Key Initiatives organize Gartner's vast resources to help you achieve demonstrable business results efficiently and cost effectively.

An application overhaul takes place as part of an application strategy, which is a plan to achieve a business outcome through the use of technology. To be successful in the ever-changing business world, enterprises need a coherent application strategy.

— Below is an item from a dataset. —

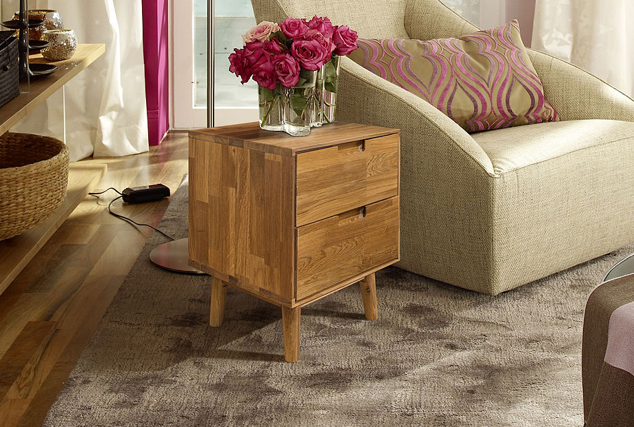 Прикроватная тумба «Ирвинг» продолжает эстетику коллекции в духе Mid-century modern. Лаконичная геометрия корпуса и утончённые скошенные ножки придают конструкции визуальную лёгкость. Благодаря использованию массива дуба с выразительным природным рисунком и экологичным покрытием, тумба становится уникальным предметом интерьера.
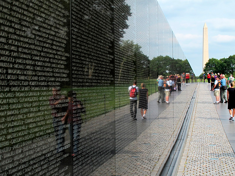 O memorial com os nomes dos soldados americanos mortos na Guerra do Vietnã reflete a imagem dos visitantes / Divulgação

We recommend IT leaders follow these five phases when investigating this initiative:

 
  1. Strategize & Plan

    Draft a charter to gain agreement on the vision and mandate behind the project, in alignment with business goals. Scope the project, and establish resources, budget and governance systems. Integrate the project with strategic IT and business plans.

  2. ARCHITECT SOLUTION

    Define the architecture, technology and standards for the project. Model business requirements, and detail specifications for solution delivery. Recommend how to implement the project.Define process detail and performance metrics. Communicate the plan.

  3. SELECT SOLUTION

    Set requirements and issue RFPs. Analyze market intelligence. Evaluate vendor/service provider options. Choose technologies and vendors/service providers. Negotiate service-level agreements and contracts.

  1. DEPLOY

    Design, deploy, staff and manage the implementation. Develop rules, workflows, forms and user interfaces. Define organizational and governance structures. Create a development and test environment. Run tests. Seek user feedback. Manage and monitor risks.

  2. OPERATE AND EVOLVE

    Operate and manage the implementation. Revise in response to feedback, risks and changing business requirements. Measure performance. Monitor use and compliance. Develop skills and define best practices for users. Refine governance processes.